Activity
Skip the pictures and restate, word for word, the lines from the one containing "Anyway, I left" to the end of the data below.

Segment Start: Supplied information

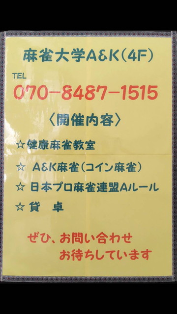 麻雀大学 A&K愛知県 マージャンダイガク エーアンドケー 愛知県 池下駅 徒歩1分 四麻、ノーレート、その他、麻雀教室、健康麻雀、セット 電話する070-8487-1515 地図 店舗トップ ルール 写真/動画 イベント 求人 クーポン プロ イチオシ ランキング クチコミ 写真一覧 動画一覧 お店のコトを友達に教える Facebook X(旧Twitter) Line Mail お店を評価する 閉店・休業・移転・情報違い報告 クチコミ投稿 報告内容詳細※必須 閉店 休業 移転 情報違い 送信する
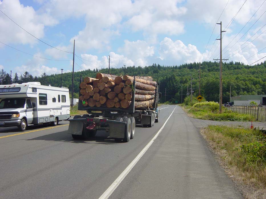 Anyway, I left them behind (they were eating lunch and I wasn't that hungry) and pressed on, heading through logging territory and getting passed every few minutes by one of these. By the way, I took this picture while still riding, not bothering to stop, so that should show you how wide and safe these shoulders are.
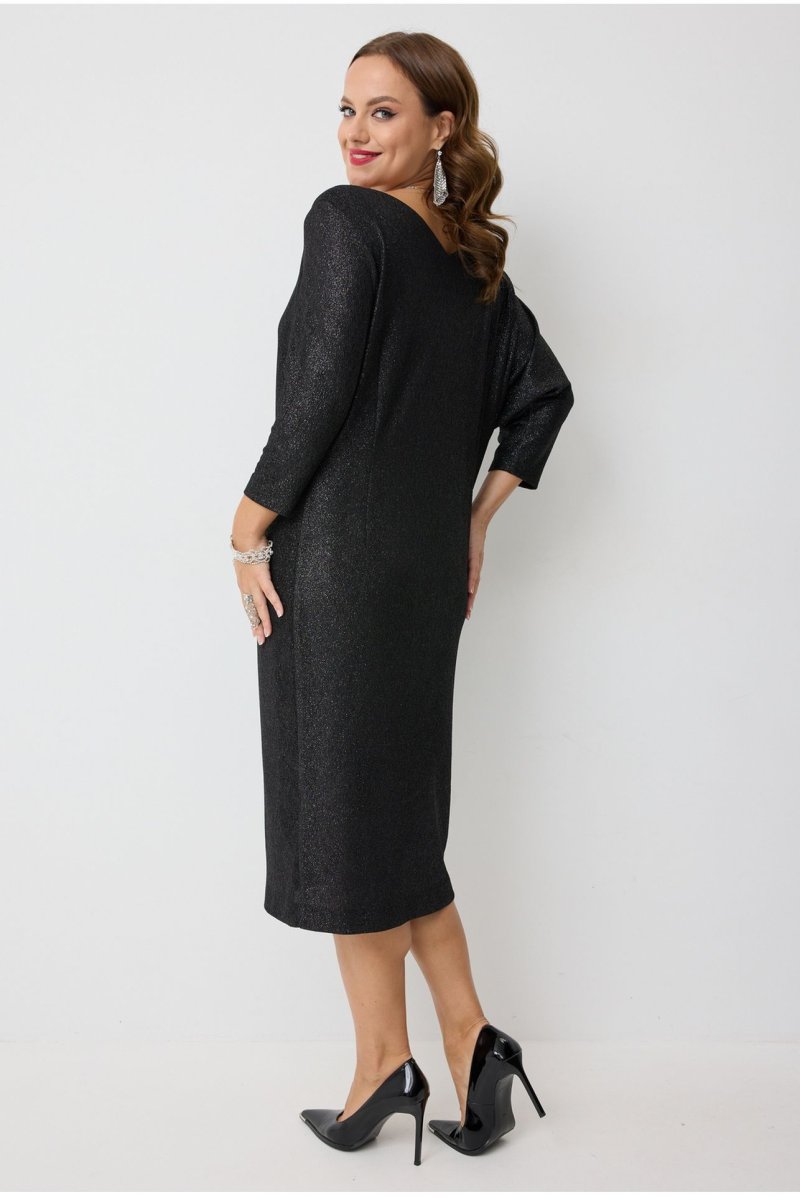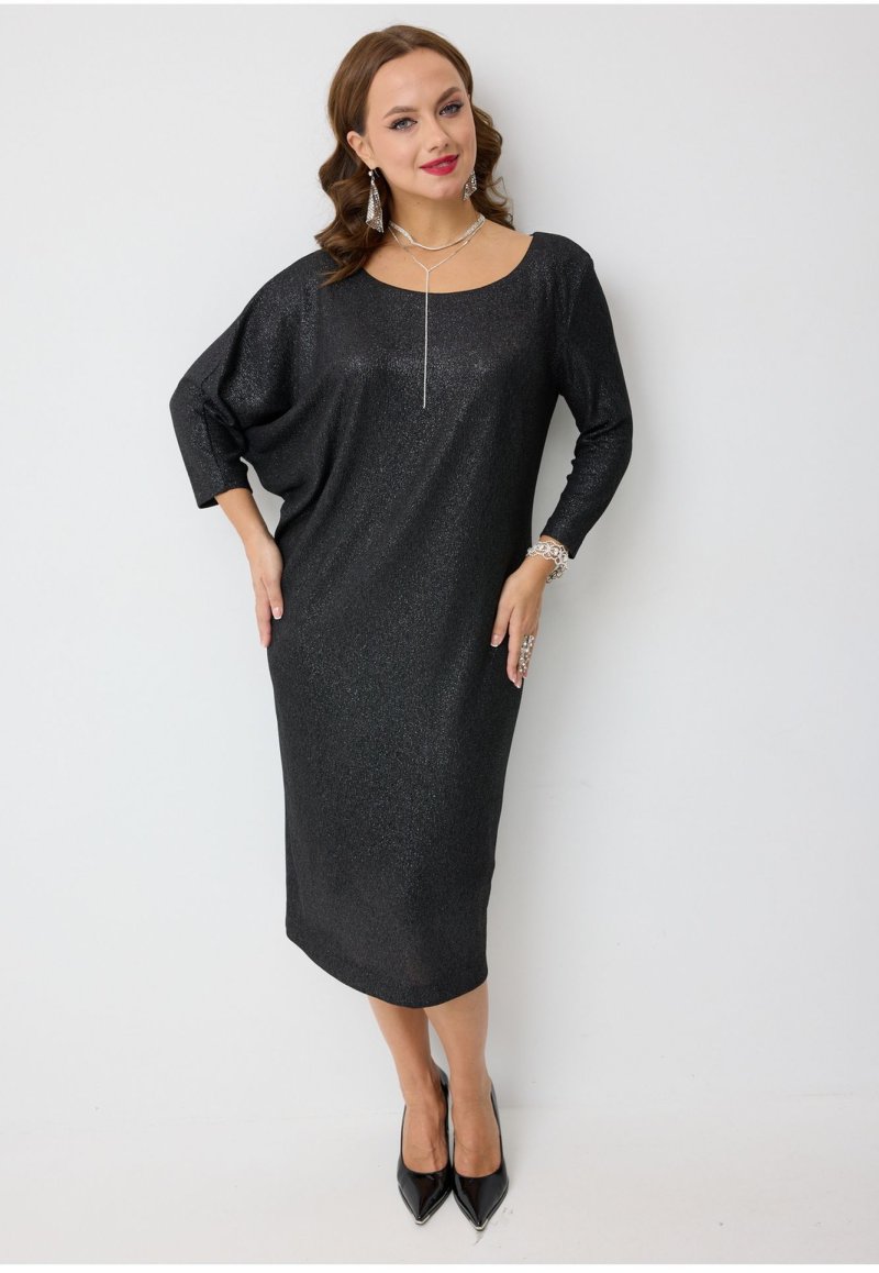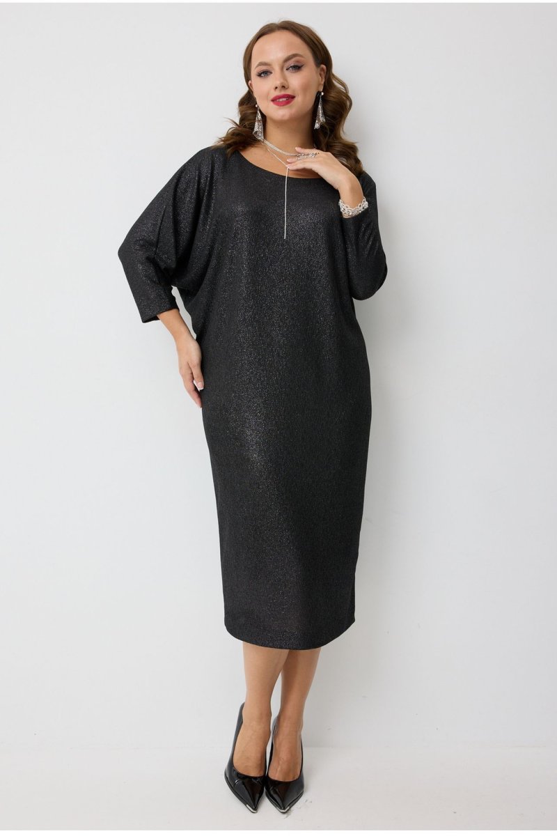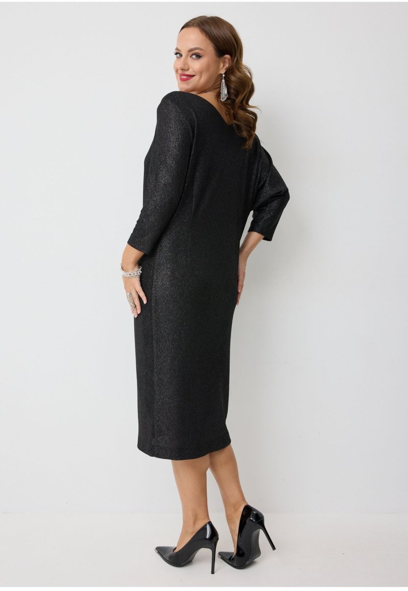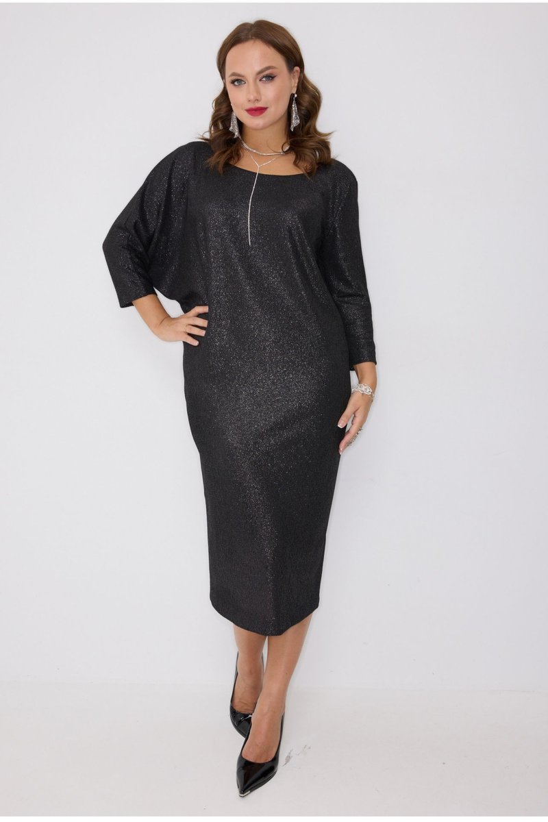 Платье полуприлегающего силуэта комбинированного покроя, выполненное из трикотажного полотна с люрексом. Горловина по переду оформлена в форме""лодочка"", по спинке - аккуратный V- образный вырез. Один из рукавов втачной, другой формы"" летучая мышь"", длиной 3/4.

Segment End: Supplied information

Solution for this task
 Anyway, I left them behind (they were eating lunch and I wasn't that hungry) and pressed on, heading through logging territory and getting passed every few minutes by one of these. By the way, I took this picture while still riding, not bothering to stop, so that should show you how wide and safe these shoulders are.
 Платье полуприлегающего силуэта комбинированного покроя, выполненное из трикотажного полотна с люрексом. Горловина по переду оформлена в форме""лодочка"", по спинке - аккуратный V- образный вырез. Один из рукавов втачной, другой формы"" летучая мышь"", длиной 3/4.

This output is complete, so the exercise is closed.